Entries taken from a collection:
┄┄┄┄┄┄┄┄┄┄

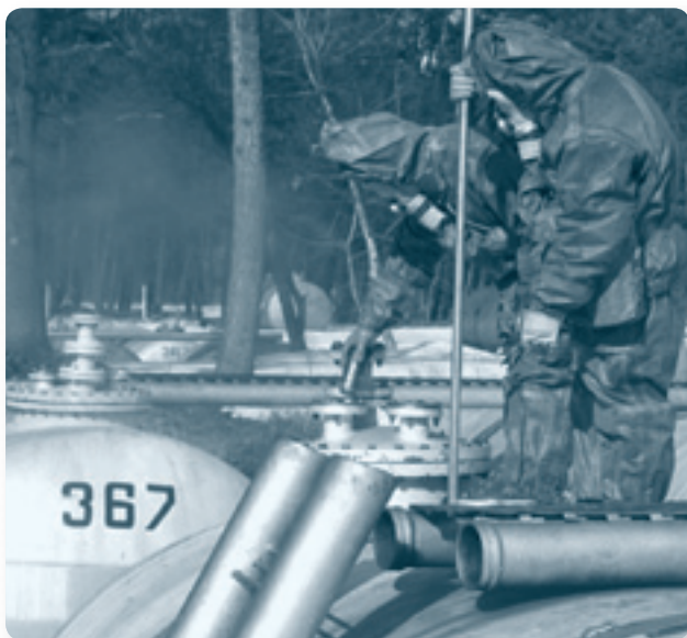
Инспекция места хранения «Меланжа» в Радехове, Украина

политические, гуманитарные и социально-экономические вопросы, как нельзя больше иллюстрируют важность «всеобъемлющего» подхода ОБСЕ к безопасности.
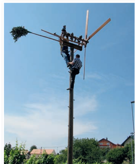
Postavitev klopotca v središču Sv. Ane
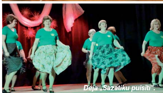
Deja „Sazatiku puisīti”.
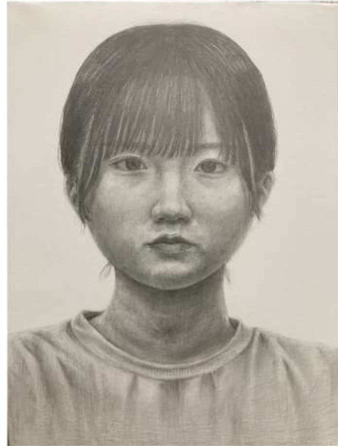
◆ 自画像 木炭紙大 制作時間 12時間 2023.6
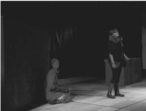
Scène de la pièce Les autres de Mélanie Lucas

prise créée, le déclenchement de quelque chose, la mutation d'un rien en tout. On fait du théâtre pour la réception d'émotions avec de grandes lettres. On fait du théâtre pour voir se créer ce changement qui nous dépasse grâce à l'engouement et la détermination des artistes de région. Celui d'une communauté qui se surprend elle-même à s'unir autour d'événements culturels, autour de projets artistiques innovateurs. Oui, effectivement, oui, je le répète, nos communautés sont souvent plus curieuses qu'on ose le croire.
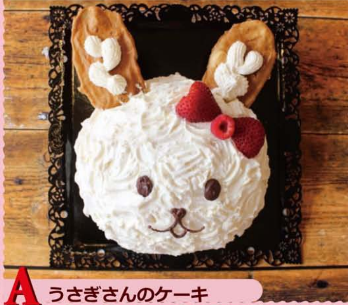
A うさぎさんのケーキ

ドームタイプの生クリームケーキを、かわいいうさぎさんの顔にしあげました。ふんわりスポンジにたっぷりイチゴをサンドして。
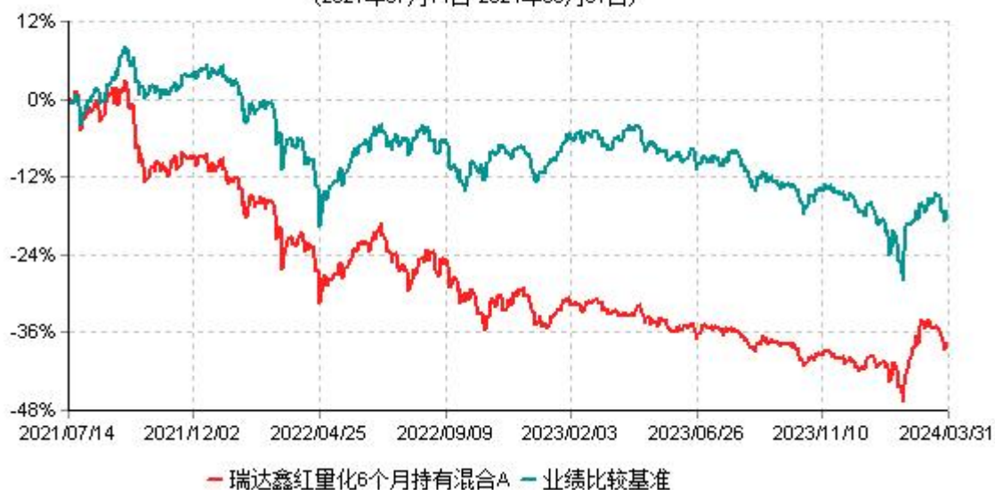
瑞达鑫红量化6个月持有混合A累计净值增长率与业绩比较基准收益率历史走势对比图 (2021年07月14日-2024年03月31日)
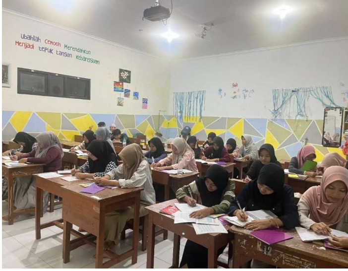
عملية التقويم في المستوى الأولى
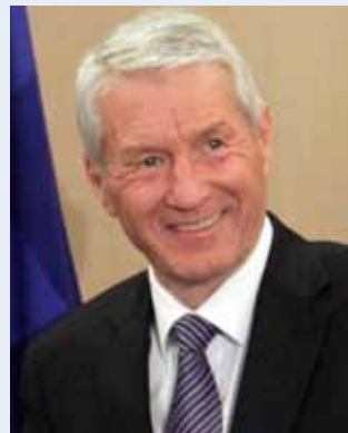
Thorbjørn JAGLAND Secrétaire Général du Conseil de l'Europe Ancien Premier ministre de Norvège
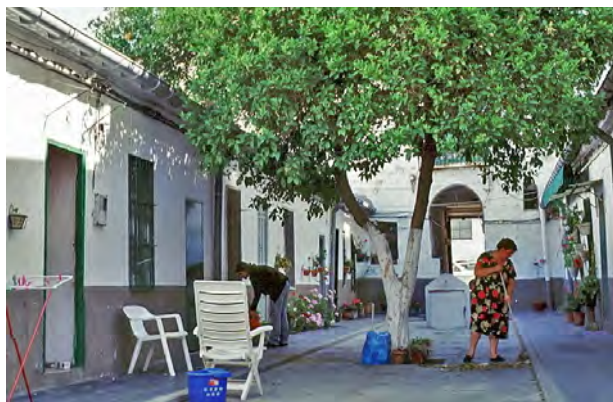
Fig. 6 Uso doméstico de patio central.

Instituto Andaluz del Patrimonio Histórico: Base Patrimonio Inmueble de Andalucía. Sevilla. http://www.iaph.es/imagenes-patrimonio-cultural-andalucia/imagen.php?i=21248&a=2219&alt=533&anc=812&flv=no visitado el 20-07-2017

┄┄┄┄┄┄┄┄┄┄

◆ ASSIGNMENT
Starting with the line that has "制作時間 12時間 2023.6" and going on through the line that has "Scène de la pièce Les autres de Mélanie Lucas", transcribe the records above exactly, but skip the pictures.

◆ FINAL ANSWER
◆ 自画像 木炭紙大 制作時間 12時間 2023.6
Scène de la pièce Les autres de Mélanie Lucas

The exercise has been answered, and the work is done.